#### [GIVEN DATA]

------------------------

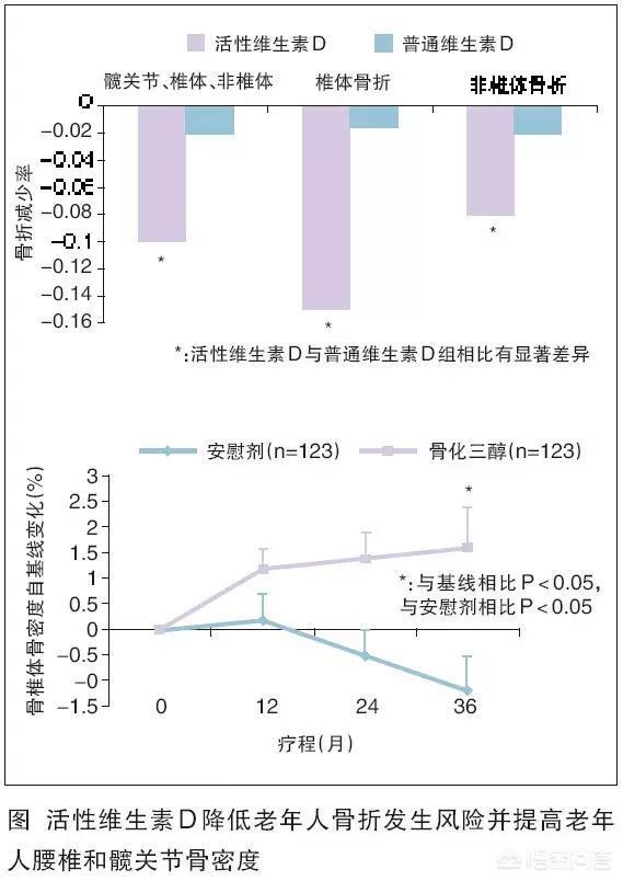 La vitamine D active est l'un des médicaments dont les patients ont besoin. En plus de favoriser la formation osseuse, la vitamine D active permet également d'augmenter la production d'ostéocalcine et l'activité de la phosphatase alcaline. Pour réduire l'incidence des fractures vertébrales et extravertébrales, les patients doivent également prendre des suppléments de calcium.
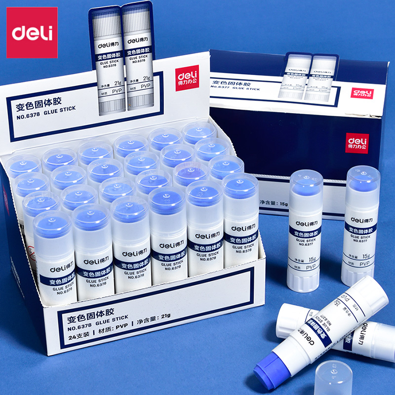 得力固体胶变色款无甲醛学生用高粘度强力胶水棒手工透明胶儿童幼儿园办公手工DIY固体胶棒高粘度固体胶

------------------------

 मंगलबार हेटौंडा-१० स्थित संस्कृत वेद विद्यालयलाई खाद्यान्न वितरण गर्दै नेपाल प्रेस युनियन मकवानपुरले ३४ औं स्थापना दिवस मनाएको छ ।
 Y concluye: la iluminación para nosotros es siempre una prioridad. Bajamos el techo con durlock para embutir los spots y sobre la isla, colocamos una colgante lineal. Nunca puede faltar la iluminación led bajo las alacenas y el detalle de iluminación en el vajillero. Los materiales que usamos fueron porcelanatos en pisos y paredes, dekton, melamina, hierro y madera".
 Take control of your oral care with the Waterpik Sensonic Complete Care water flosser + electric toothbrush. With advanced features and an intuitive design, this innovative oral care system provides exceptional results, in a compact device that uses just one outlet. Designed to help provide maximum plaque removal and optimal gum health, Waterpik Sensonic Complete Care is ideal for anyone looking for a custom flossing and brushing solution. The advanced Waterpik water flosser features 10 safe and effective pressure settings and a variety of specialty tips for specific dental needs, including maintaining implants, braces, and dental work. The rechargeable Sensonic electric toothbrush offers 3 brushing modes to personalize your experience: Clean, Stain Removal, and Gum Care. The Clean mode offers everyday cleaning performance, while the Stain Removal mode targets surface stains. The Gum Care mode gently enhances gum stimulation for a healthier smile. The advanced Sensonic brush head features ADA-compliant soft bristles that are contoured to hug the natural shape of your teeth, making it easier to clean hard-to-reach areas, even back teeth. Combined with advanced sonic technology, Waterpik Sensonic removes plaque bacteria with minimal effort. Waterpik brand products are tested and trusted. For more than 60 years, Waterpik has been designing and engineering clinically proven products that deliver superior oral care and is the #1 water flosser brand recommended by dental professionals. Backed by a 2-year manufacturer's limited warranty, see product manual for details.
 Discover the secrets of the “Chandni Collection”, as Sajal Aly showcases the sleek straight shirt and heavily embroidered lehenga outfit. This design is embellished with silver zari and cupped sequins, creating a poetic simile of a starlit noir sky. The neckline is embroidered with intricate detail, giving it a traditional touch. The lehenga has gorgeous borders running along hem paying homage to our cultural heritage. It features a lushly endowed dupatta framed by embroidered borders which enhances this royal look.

------------------------

#### [THE TASK]
Copy only what runs above from the line containing "La vitamine D active est" through the line containing "得力固体胶变色款无甲醛学生用", exactly. Leave out the pictures.

#### [EXERCISE RESPONSE]
 La vitamine D active est l'un des médicaments dont les patients ont besoin. En plus de favoriser la formation osseuse, la vitamine D active permet également d'augmenter la production d'ostéocalcine et l'activité de la phosphatase alcaline. Pour réduire l'incidence des fractures vertébrales et extravertébrales, les patients doivent également prendre des suppléments de calcium.
 得力固体胶变色款无甲醛学生用高粘度强力胶水棒手工透明胶儿童幼儿园办公手工DIY固体胶棒高粘度固体胶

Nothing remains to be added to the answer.